On Monday evening, MCCRC activist Thomas Nephew joined Mike Mage (ACLU Montgomery County) to advocate for Delegate Ana Sol Gutierrez’s MC17-14 local bill, which (as stated) would require MCPD and other police forces in the county to deploy automated external defibrillators (AEDs) in their vehicles.
The occasion was a hearing held by the Montgomery County’s House delegation, held at County Council chambers in Rockville. The bill was supported in person by Nephew and Mage, and opposed by Takoma Park Police Chief Alan Goldberg. (MCPD Police Chief Manger and Takoma Park City Manager Suzanne Ludlow were also listed as opposed, but did not appear, presumably submitting written testimony instead.)
In his testimony, Mr. Mage said that recent court decisions hold that the Eighth Amendment compels law enforcement officers to protect the life and health of persons in their custody, and that when a person in custody has a cardiac collapse, carrying out that duty requires immediate access to an AED (according to the American Heart Association). Failure or inability to provide medically recommended and constitutionally required medical care to persons under arrest or in custody could expose the county to serious lawsuits.

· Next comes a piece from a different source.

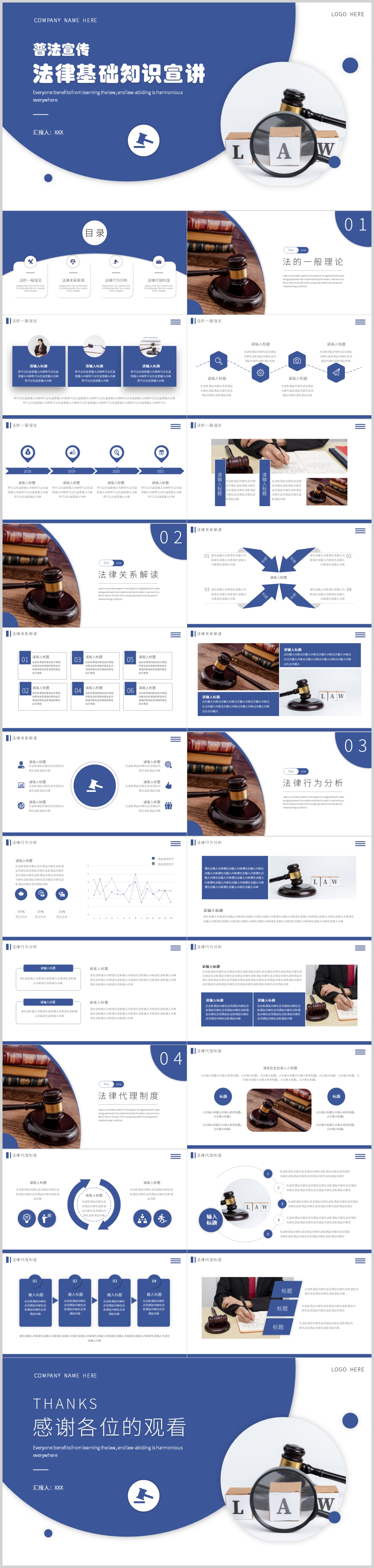 蓝色大气法律讲座知识学习教育动态PPT模板
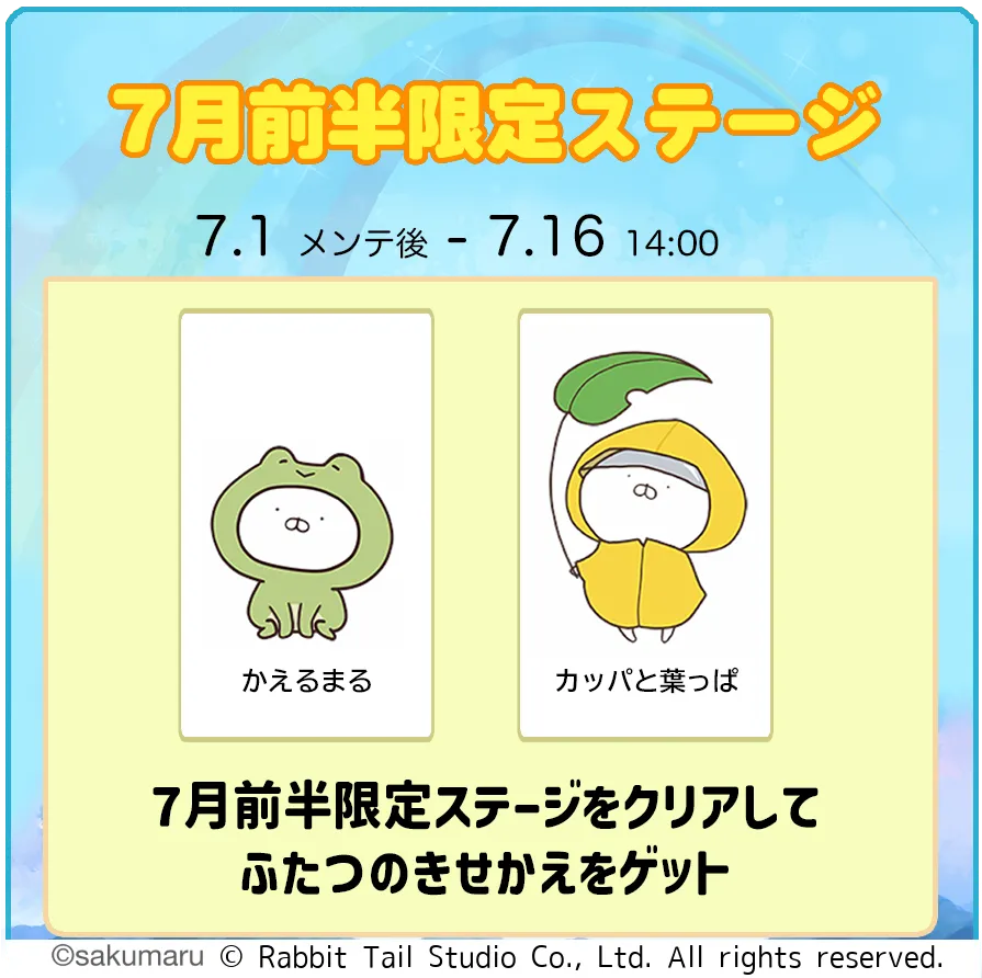 この限定ステージに参加すると、特別な能力を持つ着せ替えアイテムを手に入れるチャンスがあります。対象のステージをクリアしたプレイヤーには、人気キャラクター「かえるまる」と「カッパ」の着せ替えが授与されます。ステージは、2025年7月1日(火)のメンテナンス終了後から7月16日(水)の14:00までの間で楽しめます。

Thomas Nephew’s Monday evening testimony follows:
I’m Thomas Nephew. I live in Takoma Park, and speak tonight as a member of the Montgomery County Civil Rights Coalition. We are strongly in favor of the MC17-14 law requiring MCPD patrol vehicles to carry automated external defibrillators (AEDs).
Our principal reason, of course, is that this legislation will save lives. The more first responders with AEDs, the better a cardiac arrest victim’s chances. There are going to be times when a police vehicle is on the scene before fire or medical vehicles already equipped with these devices, either by chance or – sometimes — by direct involvement in a cardiac arrest. The Rochester, MN Police Department has saved over a hundred lives over a 20 year period with these devices.*
Having voiced our strong support for the bill’s life-saving effects, we also note that the first principle of lifesaving medicine applies here as well: first, do no harm – first, do nothing to bring about ventricular fibrillation and cardiac arrests.
Ironically, tasers — weapons used by MCPD and other law enforcement — can bring about just the fibrillations AEDs are deployed to correct. Depending on the subject, his or her pre-existing conditions, the duration of use, and other conditions, they can bring about death. While taser advocates may well say that’s unpredictable, we feel that’s our point, not theirs. Defibrillator voltages reportedly vary between 700-1,700 volts — those of tasers range from 20,000 to 150,000 volts.
Tasers have brought about or been involved in over 500 US deaths since 2001. In April, Anthony Howard of Gaithersburg died in one such incident. It’s common sense to have AEDs on hand wherever tasers are nearby. It’s also an obligation of legislators and policy makers who’ve allowed tasers to become ubiquitous “compliance tools” — and frankly, according to the United Nations Committee on Torture, the “form of torture” – that are now deployed even in our schools.
Returning to AEDs, then, not only are they life-saving devices, but they’re ethical and moral obligations of the local and state governments that have chosen to deploy tasers. Let’s beat unnecessary tragedies and lawsuits to the punch. Please support MC17-14. Thank you.
The matter is being considered by the Montgomery County delegates to the House, who under the Maryland Constitution can propose binding local legislation to the state legislature.
In comments, Delegate Gutierrez expressed willingness to be flexible about a timetable for acquiring AEDs. For his part, opponent Takoma Park Police Chief Alan Goldberg focused on the “unfunded mandate” the AEDs would impose on local government, and asserted that only the most expensive AEDs could be envisioned since that is what local police train with. (In comments afterwards over dinner, Mr. Mage pointed out that many modern AEDs come with audio instructions and are so simple to use that training can’t be a major issue.)
Among questions posed by delegates, Delegate Sam Arora asked where one might draw the line — should squad cars also carry plasma bags or epinephrine sticks for bee allergies? While I can’t speak to how portable or necessary plasma bags would be, were squad cars to intentionally carry around bee hives, they should be prepared to carry first aid for bee stings as well. Police *do* intentionally carry around devices with a non-negligible probability of causing arrhythmia and fibrillation. They should be only too glad to have a way to treat that. And if, like Takoma Park’s police chief and city government, they’re *not* glad to do so, they should either mothball their tasers or be required to purchase AEDs as well.
* The program was recently featured on NBC Nightly News (10/23/13: Survival rates improve when police use defibrillators).